A Summer of Sausages and Sun
As the summer wynds down and indoor beckons, it’s always nice to reflect on the season just past. This summer, the field was well mowed and dry underfoot so many thanks to Hutchinson’s groundsfolk. Weather was archery compatible, and Captain Sausage went from guest cameo on a Sunday to there being many sad sausage groupies when he was called away on other duties. The containers got painted and cleaned. Even our treasurer looked a little less fraught whenever someone presented an invoice to him. It was a pretty good summer. But anytime archers are grouped together there will be opportunities for photos of a dubious nature … and this summer was no different.
A Retrospective of 2022 – The Summer of the Sausage.
Captain Sausage and the all new Sausage Wagon. Its rumoured there are plans to acquire a small locomotive to pull it and more elderly archers round the field. Dire “threats of disciplinary action for crimes against the dignity of archery” have been rumoured if that does happen!
Here is proof that when the sight mark is accidentally set too high and the blood sugar is too low (pre sausagefest) … mistakes happen. Thank the archery gods for the Arojac™!
How many arrows can you see in the wood? Lets count them … (ps: its not 2!)
With the advent of Sausage Sunday, some of our archers seem to have taken to the alfresco dining experience a little too enthusiastically. Our Vice Chair (shown left) used to mock anyone turning up with more than a cereal bar and a flask of caf!
Apparently a cheeky Pinot Noir goes well with hotdogs! Who knew?
Of course after a hard morning’s coaching and your sausage repast … a nap in the fresh air is just what the Archery Doctor™ ordered.
However once archers have had their sausage power ups and their mid morning nap is over … there’s no telling what they’ll get up to. Apparently shots under the boss, over the crosspiece and through the rope at 50m with a longbow are possible! What was wrong with just shooting a 10?
… and then there are those that just want to strut their funky stuff.

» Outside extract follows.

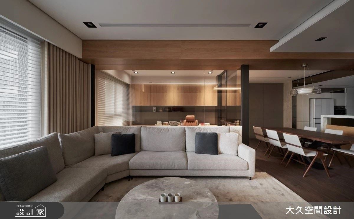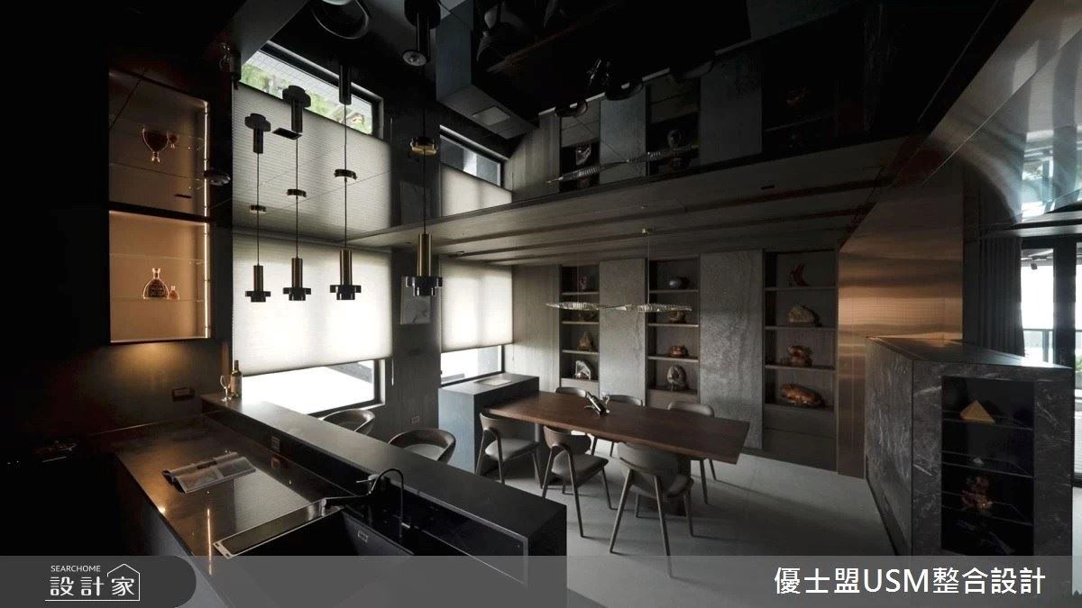 客廳與餐廳隔間牆以玻璃和大理石異材結合營造通透感,因廚房天花不須掛主機,天花高度得以再提升,且挑高部分使用實木皮與客廳天花呼應,立面設置備餐櫃與中島吧檯,增加收納機能外也修飾開門見灶的風水用題,樓梯旁立面設置木格柵與展示櫃用以活化坪效,並將梯面重新包覆木地坪,挹注居家溫馨質感。
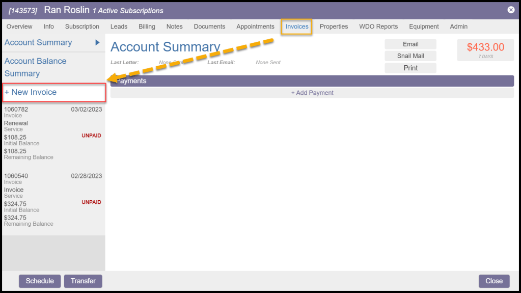 Although this invoice can be connected to a service type, it cannot be connected to an appointment. Since it cannot be connected to an appointment, the Appointment Date will say N/A.

Perhaps trying to work off all those calories and saturated fats going to town on already dangerously clogged Glaswegian hearts and arteries.
On the other hand, he’s not growling … Shake it V-C!

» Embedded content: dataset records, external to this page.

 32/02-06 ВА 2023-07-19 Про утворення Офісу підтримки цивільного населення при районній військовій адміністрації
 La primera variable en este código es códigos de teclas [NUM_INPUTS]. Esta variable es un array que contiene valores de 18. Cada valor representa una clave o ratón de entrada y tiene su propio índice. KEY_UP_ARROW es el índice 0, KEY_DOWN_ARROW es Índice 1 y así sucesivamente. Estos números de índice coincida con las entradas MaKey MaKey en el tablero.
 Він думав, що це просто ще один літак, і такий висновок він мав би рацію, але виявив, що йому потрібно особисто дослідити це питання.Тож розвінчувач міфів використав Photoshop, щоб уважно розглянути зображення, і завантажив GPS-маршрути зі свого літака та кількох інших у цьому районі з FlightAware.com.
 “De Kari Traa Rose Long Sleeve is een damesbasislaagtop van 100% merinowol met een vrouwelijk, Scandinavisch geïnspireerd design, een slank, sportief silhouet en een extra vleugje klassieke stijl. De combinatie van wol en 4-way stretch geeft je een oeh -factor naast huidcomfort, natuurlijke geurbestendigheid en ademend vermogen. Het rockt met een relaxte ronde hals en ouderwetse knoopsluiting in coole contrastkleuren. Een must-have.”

Spare a thought at this time for those who sit alone. Possibly due to frustration, fatigue, heartburn or, more likely, just longing for a little quiet from more gossipy or loud archers. A seeker of zen tranquility amidst the hubbub of the line … or as its known in Glasgow, “gies peace”.
So as the summer ends, it is hoped for each day of practice during the outdoor season at GA, a well fed and cherished member might have found the inspiration sought. That elusive sliver of form or technical insight. Enough awareness so that the lightbulb of comprehension might pop on above their head and light the way to the next plateau.

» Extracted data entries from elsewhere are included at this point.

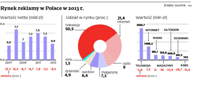 2013 r. był dla polskiego rynku reklamy drugim z rzędu zakończonym pod kreską. Jego wartość spadła w porównaniu z 2012 r. o 4,5 proc. do prawie 7 mld zł – wynika z raportu domu mediowego Starlink. Za kiepskie wyniki sprzedaży reklam odpowiadają przede wszystkim firmy telekomunikacyjne. To one zmniejszyły wydatki na reklamę najbardziej ze wszystkich branż, dając zarobić agencjom i domom mediowym o 175 mln zł, tj. o jedną piątą, mniej niż przed rokiem. Zdaniem autorów raportu jest to częściowo związane z efektem podwyższonej bazy. Chodzi o to, że w trakcie piłkarskich mistrzostw Europy w 2012 r. właściciel sieci komórkowej Orange był reklamowo wyjątkowo aktywny. Z kolei teraz operatorzy przeznaczają na reklamę mniej, m.in. ze względu na spadające przychody oraz duże inwestycje w infrastrukturę.
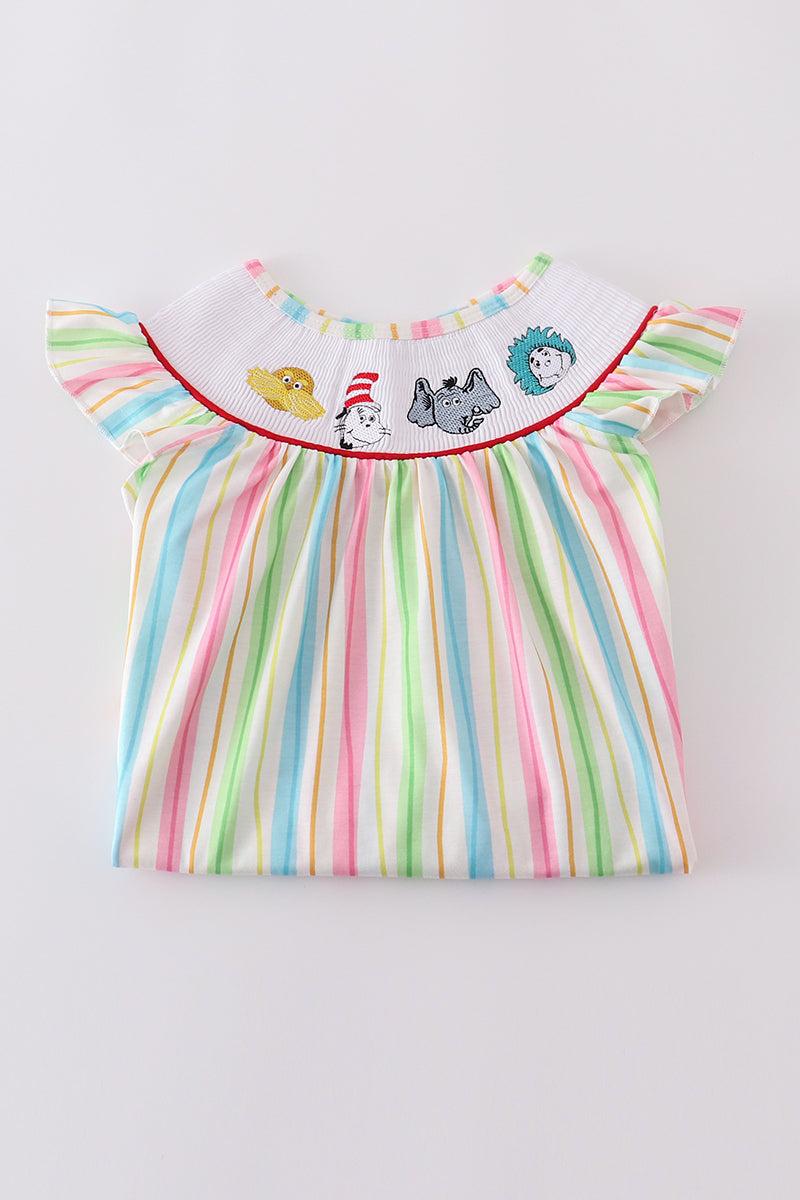 Bring some whimsy to your wardrobe with our Stripe Dr. Seuss embroidery smocked dress. The playful combination of stripes and Dr. Seuss characters will make you stand out wherever you go. Plus, the smocked design ensures a comfortable and flattering fit. (Who needs a waistband anyway?!) Perfect for a fun and carefree day out. (No green eggs or ham required.)
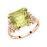 Золотое кольцо с фианитами и кварцем лимонным природным
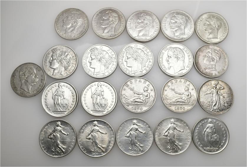 MONEDA EXTRANJERA. Lote de 21 monedas de plata: 2 pts. España 1870 -2: 18*74 y 18*75-, 1882 y 1905; 2 francos de Francia: 1869, 1871, 1881, 1887, 1915, 1916, 1917 y 1918; 2 liras de Italia: 1886 y 1911; 2 francos de suiza: 1963, 1965 y 1967 y 2 bolívares Venezuela: 1945, 1960 y 1965 (2). MBC/EBC.
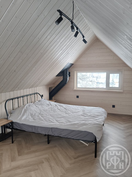 О доме: - площадь 57 кв.м + 10кв.м терраса, в доме 2 этажа, на первом - кухня-гостиная с чугунной печью-камином, которая быстро нагревается и долго отдает тепло,тем самым экономя ресурсы на отопление, так же на 1 этаже есть небольшая спальня, тех.помещение и санузел с сауной. На втором этаже - одно общее пространство.

Shame its more likely they just got stuck on the clicker again.
Rounding off the outdoor season, Glasgow Archers would like to thank all those who joined us this summer. To shoot, gossip, snooze, picnic, complain, cook, clean & paint containers, banter and gossip some more but especially to those who donated natures perfect food so we could all get our sausage on.
And in the style of Marvel movie end credits …
Captain Sausage will return in the fall.